ヒロシマ・ガールズ 第2部 日米を結んで <3>

■記者 西本雅実

敵国治療 実結んだ償いの善意

 谷本清牧師が呼び掛け、ノーマン・カズンズ氏が受け止めた「ヒロシマ・ガールズ」の渡米治療。1955年4月、その人選が広島市民病院であった。

 予診に臨んだ37人のうちから、形成手術の効果が期待でき、それに耐えられる体力を持つ独身者25人が選ばれた。最年長は31歳だった。

 日米の医師による診察と、選考結果を伝える新聞記事をひもとくと、当時の広島市厚生局長の次のような談話が目を引く。「とやかく一部では非難の声も聞かれるが、好意は素直に喜びたい」。渡米治療を見る地元の目は冷ややかなものがあった。

 原爆を投下した旧「敵国」での治療。被爆者を検査対象として扱う米国の機関、原爆傷害調査委員会(ABCC)への反発と相まって、治療の狙い、行く末をいぶかる声は少なくなかった。

 地元の原対協委員として選考に当たった原田東岷医師(84)=広島市中区=も、治療の同行を求められてためらいを覚えた。考えあぐねて広島大名誉教授の長田新さん=1961年死去(75)=を訪ねる。被爆体験記「原爆の子」の編者はこう答えた。「米国の市民が良心と償いを示そうとする善意には善意で報いるべきだ」と。腹を決めた。

 選考会から1カ月後。同行者を含めた1行35人は原爆慰霊碑に参拝し、米軍岩国基地から飛び立つ。輸送はカズンズ氏の働き掛けで米軍が当たった。5日がかりでニューヨーク郊外のミッチェル空軍基地に降り立つ。新聞・テレビのカメラが初めて目にする被爆者の一団を追い掛けた。

 「政府の内部では渡米治療を阻止しようとする動きがあったんだ。『共産主義者の陰謀だ』と言ってね」。長らく宗教紙の記者を務めたワシントン在住のグレン・エバレット氏(75)はそう振り返る。
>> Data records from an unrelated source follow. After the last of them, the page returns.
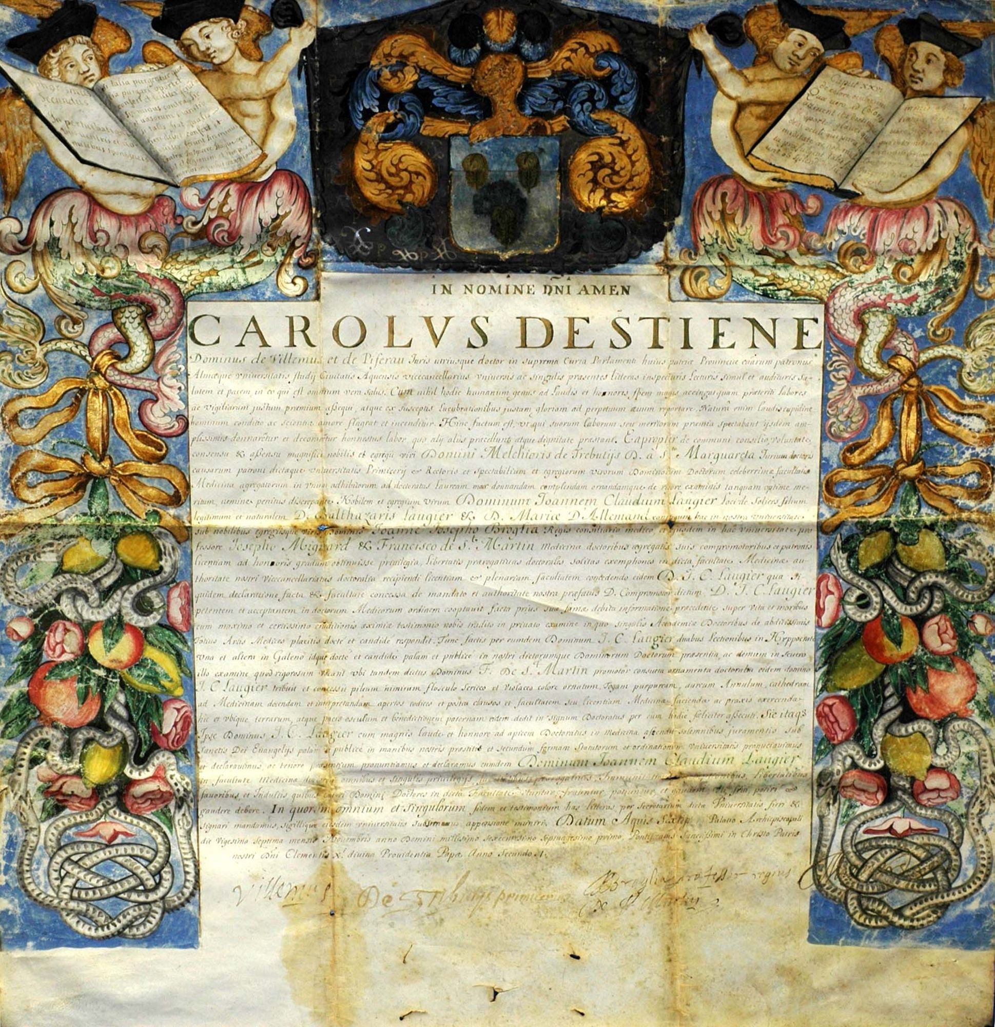 Trésors d'archives Cette exposition virtuelle présente aux internautes un florilège des documents les plus beaux et les plus représentatifs des Archives départementales du Var. Trésors d'archives - Lancement du bananier Djoliba aux chantiers navals de la Seyne-sur-mer (1947) 1 Trésors d'archives - Plan anglais du blocus de Toulon par les Anglo-Hollandais (1707) 1 Trésors d'archives - Portrait de Clémenceau avec sa signature [début 20e s.] 1 Trésors d'archives - Dessin de Pierre Letuaire, caricaturiste toulonnais (19e s.) 1 Trésors d'archives - Dessins de Pierre Letuaire, caricaturiste toulonnais (19e s.) 1 Trésors d'archives - Diplôme enluminé de docteur en Médecine attribué à Jean-Claude Laugier (1671) 1 Trésors d'archives - Image d'Epinal représentant Napoléon Bonaparte au siège de Toulon de 1793 [1810-1813] 1 Trésors d'archives - Photo publicitaire représentant l'Hôtel des Iles d'or à Hyères [début 20e s.] 1 Trésors d'archives - Affiche touristique de Saint-Raphaël (vers 1938) 1 Trésors d'archives - Affiche publicitaire du journal Toulon-soir (20e s.) 1 Trésors d'archives - Bulle pontificale d'Innocent II (1143) 1 Trésors d'archives - Vignette révolutionnaire 1 Trésors d'archives - Drapeau tricolore et billet saisis comme pièces à conviction (1817) 1 Trésors d'archives - Dragon figurant sur un feuillet d'un registre des délibérations communales de Draguignan (1552-1563) 1 Trésors d'archives - Portrait de Saint-Lazare 1 Trésors d'archives - Journal : La Résistance du Var libéré (17 août 1944) 1 Trésors d'archives - Plan "futuriste" du centre urbain de Draguignan (1933) 1 Trésors d'archives - Portrait de Jacques-Athanase Lombard-Taradeau, député du Tiers-Etat [fin 18e s.] 1 Trésors d'archives - Arrivée de l'escadre russe à Toulon (1893) 1 Trésors d'archives - Lettrine en couleur extraite d'un antiphonaire (15e s.) 1 Trésors d'archives - Feuillet d'un registre de minutes d'Anthoine Bonifay (1528) 1 Trésors d'archives - Seing manuel de Guillermo Régis, notaire apostolique et impérial (1467) 1 Trésors d'archives - Plan et projet de reconstruction d'une partie du pont de Vins sur la rivière de Caramy (1791) 1 Trésors d'archives - Modèles et dessins brevetés de boîtes en carton blanc servant à l'expédition des graines de vers à soie (1923) 1 Trésors d'archives - Plan des bois de la commanderie hospitalière d'Astros située sur la commune de Vidauban (1769) 1 Trésors d'archives - Planeurs et troupes américaines à La Motte (15 août 1944) 1
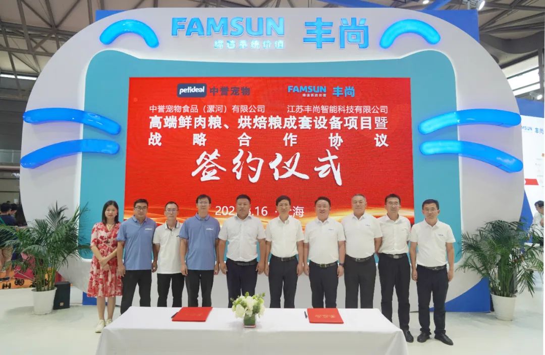 展会现场中誉宠物食品(漯河)有限公司与丰尚举行了“年产6万吨高鲜肉膨化粮、3万吨低温烘焙粮成套设备项目暨战略合作协议”签约仪式。为不断满足国内、国际不断增长的业务需求,以及研发和拓展品类的需要,中誉启动了占地面积约9万平方米的二期宠物食品产业园项目建设。经过多方对比及市场考察与交流沟通,中誉对丰尚领先的宠物食品加工设备、智能化工厂解决方案、专业的研发交付团队、全方位的服务支持留下了深刻印象,最终选择了具有丰富宠物食品工程经验的丰尚,这是中誉对丰尚在宠物食品装备领域实力的高度认可。
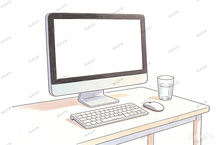 场景:一张干净、极简、唯有一台大表示器(可能是竖屏)、一个键盘、一个鼠标、一杯水的工位。
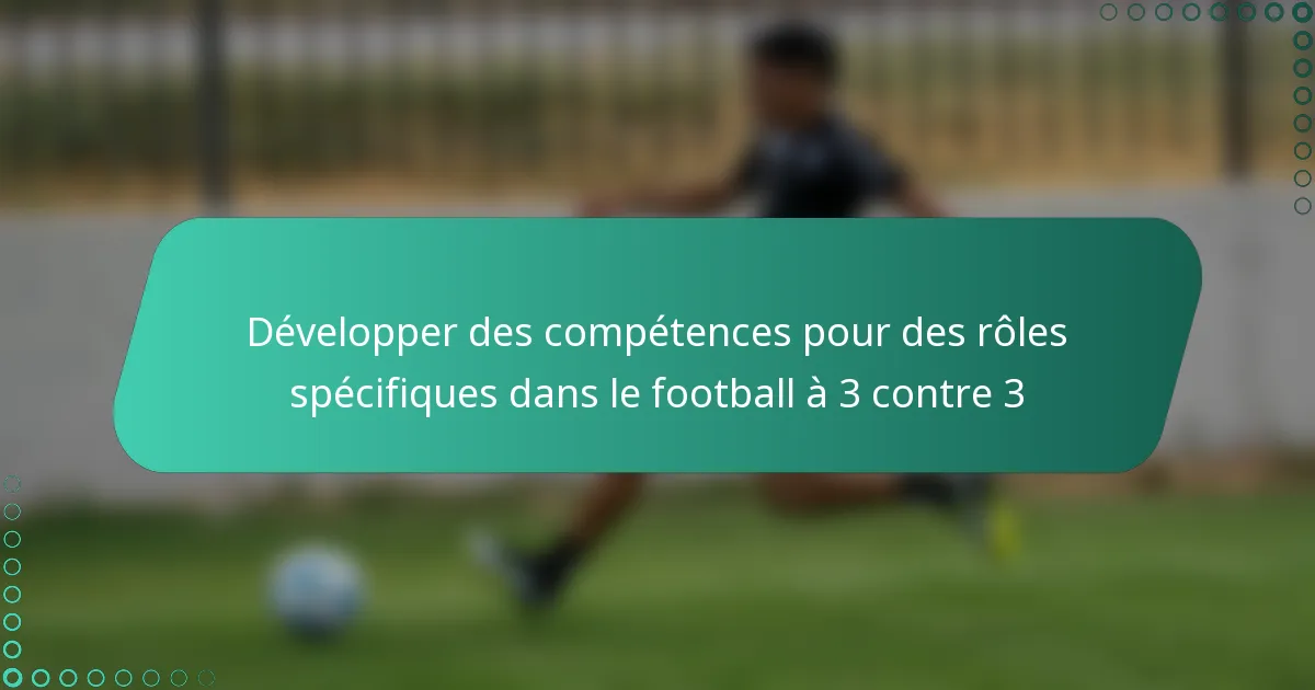 Développer des compétences spécifiques pour chaque rôle dans le football à 3 est crucial pour maximiser la performance de l’équipe. Les défenseurs doivent se concentrer sur le positionnement et la communication, tandis que les milieux de terrain devraient améliorer leur contrôle du ballon et leur intelligence de jeu. Les attaquants doivent affiner leurs techniques de finition et leurs stratégies de mouvement pour contribuer efficacement à la fois à l’attaque et à la défense.

治療事業の窓口だった「ヒロシマ・ピース・センター」協力会の理事としてガールズを出迎えた。

 旧ソ連との冷たい戦争を背景に、米国はその3年前に水爆実験にも乗り出していた。政府は、原水爆の開発に反対を唱える声が国内で広がるのを何より恐れた。国務省はガールズを乗せた空軍機C54の飛行中止を日本へ打電したほどだ。

 ガールズの入院治療は、カズンズ氏と同じユダヤ系米国人が創設した「マウント・サイナイ病院」が応じた。摩天楼の街でも1、2を競う規模を誇る病院。そこに専用の2室が用意され、3人の外科医が交代で執刀に当たった。主任のアーサー・バースキー外科部長=1982年死去(83)=はじめ3人は大戦中、欧州戦線に医師として従軍していた。

 セントラル・パーク近くに住む、ただ1人健在のバーナード・サイモン医師(84)は「われわれは戦場で恐ろしいほど傷ついた人間を診た。その経験が役立つならばと、治療を引き受けたんだ。患者を診るのが医師の務めさ」と明快な口調で語った。

 顔、のど、手…。原爆の熱線を浴び、忌まわしく盛り上がったケロイドを切り取り、その跡に、腹部などの皮膚を移植していく。1年半に及んだ手術は、延べ140回を数えたという。気の遠くなるような治療に耐え、覚えたての英語で感謝の気持ちを示す態度に心打たれた。

 「全力を尽くしたが、被爆前の姿に戻れたわけではない。それよりガールズが人生の喜びを回復したことに、あの事業の成果があった」。7年前に引退したサイモン氏はそう言うと、日米の2人の婦人の名前を例に挙げた。